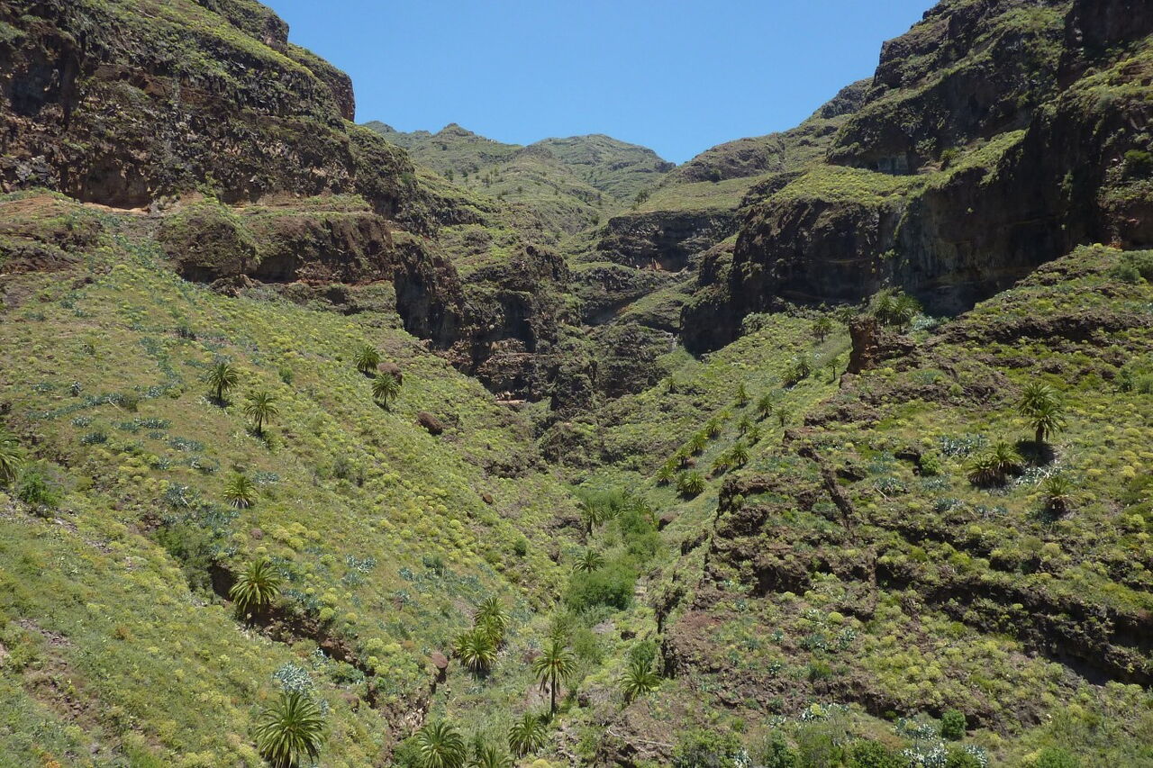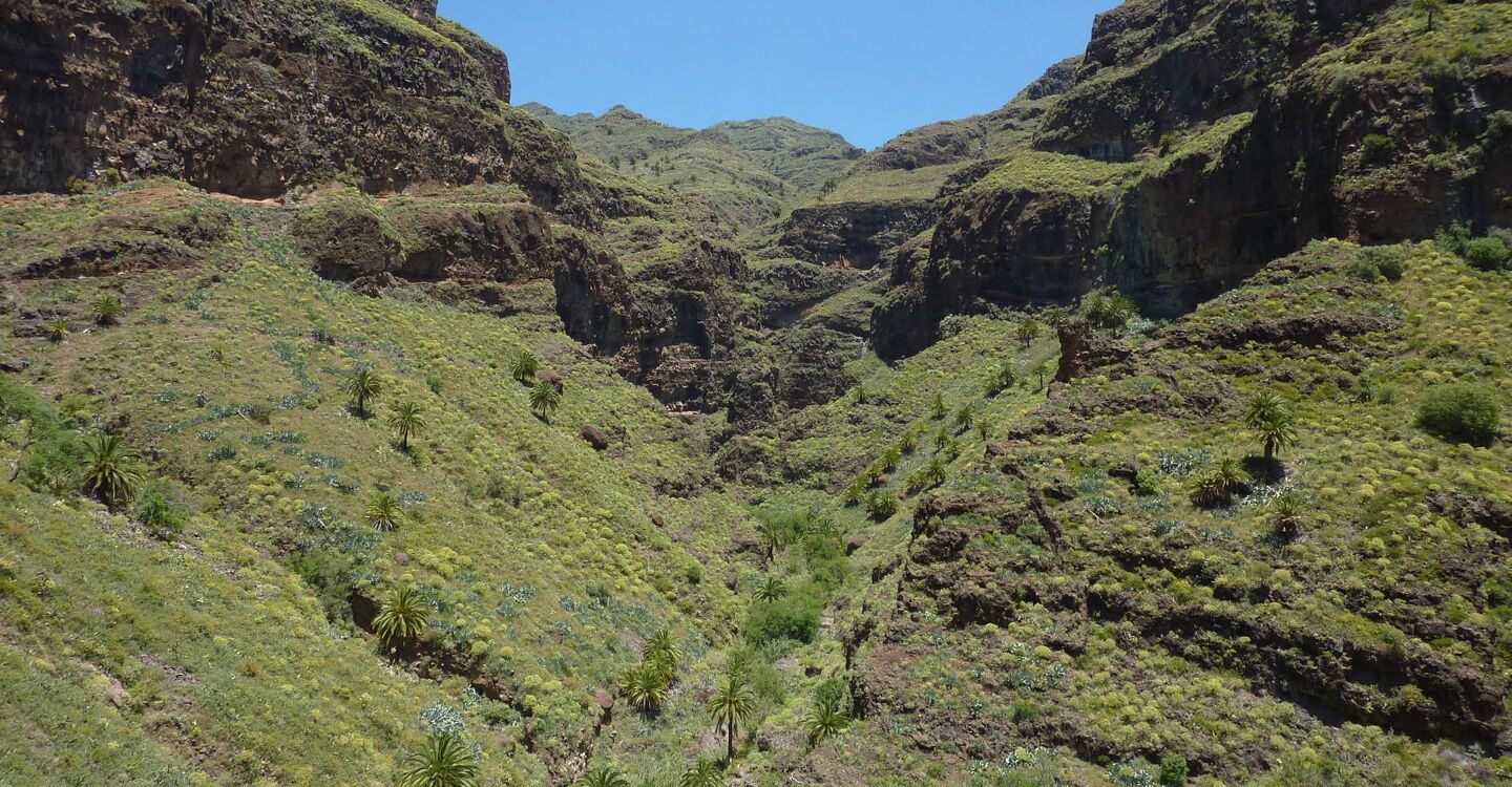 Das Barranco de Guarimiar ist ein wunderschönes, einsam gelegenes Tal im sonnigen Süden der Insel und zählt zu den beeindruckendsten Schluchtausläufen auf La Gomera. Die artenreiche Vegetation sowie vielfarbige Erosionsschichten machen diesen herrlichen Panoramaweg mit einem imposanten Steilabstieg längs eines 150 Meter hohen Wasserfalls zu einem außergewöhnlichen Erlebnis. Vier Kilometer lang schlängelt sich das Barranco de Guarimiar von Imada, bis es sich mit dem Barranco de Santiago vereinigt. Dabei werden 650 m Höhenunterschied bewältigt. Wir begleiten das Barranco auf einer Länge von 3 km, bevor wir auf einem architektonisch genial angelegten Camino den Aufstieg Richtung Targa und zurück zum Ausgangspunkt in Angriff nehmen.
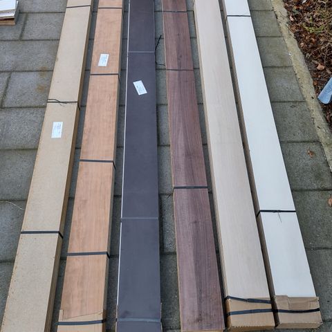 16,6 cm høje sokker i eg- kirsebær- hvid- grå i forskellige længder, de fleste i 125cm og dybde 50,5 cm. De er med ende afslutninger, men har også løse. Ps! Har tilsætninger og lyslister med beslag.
★ ★ ★ ★ ★
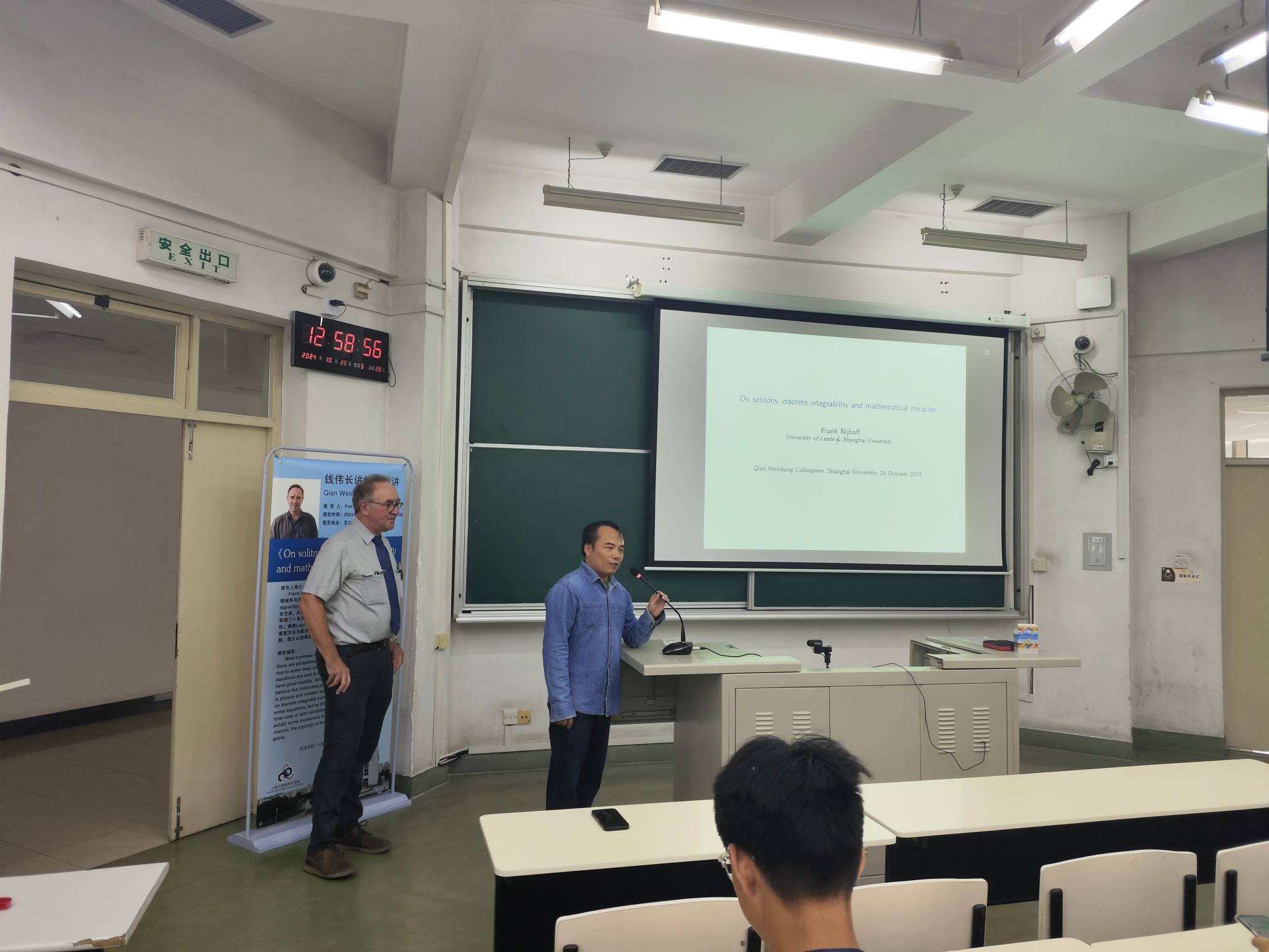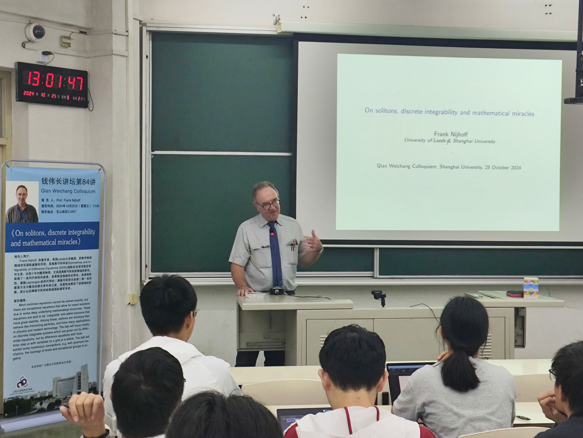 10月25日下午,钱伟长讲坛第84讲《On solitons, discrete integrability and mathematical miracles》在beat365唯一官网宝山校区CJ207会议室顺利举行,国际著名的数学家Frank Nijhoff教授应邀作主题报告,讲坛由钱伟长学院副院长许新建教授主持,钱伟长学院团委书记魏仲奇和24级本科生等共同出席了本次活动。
★ ★ ★ ★ ★
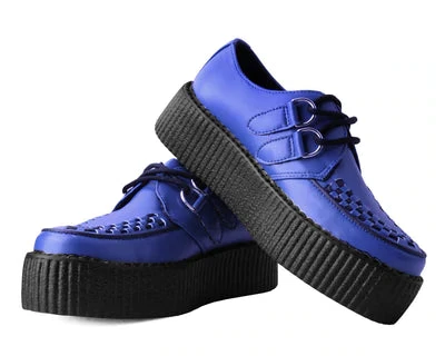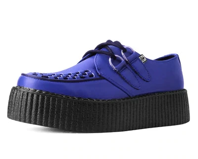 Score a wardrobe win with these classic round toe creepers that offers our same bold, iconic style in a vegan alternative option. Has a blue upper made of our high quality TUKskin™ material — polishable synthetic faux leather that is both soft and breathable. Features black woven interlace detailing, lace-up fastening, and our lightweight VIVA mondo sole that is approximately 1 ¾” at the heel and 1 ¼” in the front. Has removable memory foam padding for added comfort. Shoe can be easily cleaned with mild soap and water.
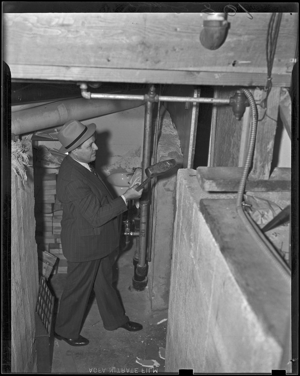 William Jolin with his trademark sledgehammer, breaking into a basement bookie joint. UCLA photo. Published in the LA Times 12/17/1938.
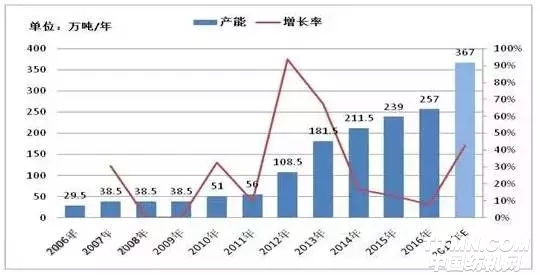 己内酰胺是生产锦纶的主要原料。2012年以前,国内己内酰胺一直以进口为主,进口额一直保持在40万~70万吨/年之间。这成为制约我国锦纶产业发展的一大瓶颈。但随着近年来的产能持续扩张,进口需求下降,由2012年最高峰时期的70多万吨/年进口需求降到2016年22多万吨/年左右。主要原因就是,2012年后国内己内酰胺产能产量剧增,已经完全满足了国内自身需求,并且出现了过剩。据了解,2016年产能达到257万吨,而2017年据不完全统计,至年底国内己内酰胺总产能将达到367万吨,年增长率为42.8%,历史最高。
★ ★ ★ ★ ★
#### [Exercise goal]
Above are records with pictures. Reproduce exactly only the lines from the line with "Das Barranco de Guarimiar ist" through the line with "16,6 cm høje", both ends included, and leave the pictures out.

#### [Completed exercise]
 Das Barranco de Guarimiar ist ein wunderschönes, einsam gelegenes Tal im sonnigen Süden der Insel und zählt zu den beeindruckendsten Schluchtausläufen auf La Gomera. Die artenreiche Vegetation sowie vielfarbige Erosionsschichten machen diesen herrlichen Panoramaweg mit einem imposanten Steilabstieg längs eines 150 Meter hohen Wasserfalls zu einem außergewöhnlichen Erlebnis. Vier Kilometer lang schlängelt sich das Barranco de Guarimiar von Imada, bis es sich mit dem Barranco de Santiago vereinigt. Dabei werden 650 m Höhenunterschied bewältigt. Wir begleiten das Barranco auf einer Länge von 3 km, bevor wir auf einem architektonisch genial angelegten Camino den Aufstieg Richtung Targa und zurück zum Ausgangspunkt in Angriff nehmen.
 16,6 cm høje sokker i eg- kirsebær- hvid- grå i forskellige længder, de fleste i 125cm og dybde 50,5 cm. De er med ende afslutninger, men har også løse. Ps! Har tilsætninger og lyslister med beslag.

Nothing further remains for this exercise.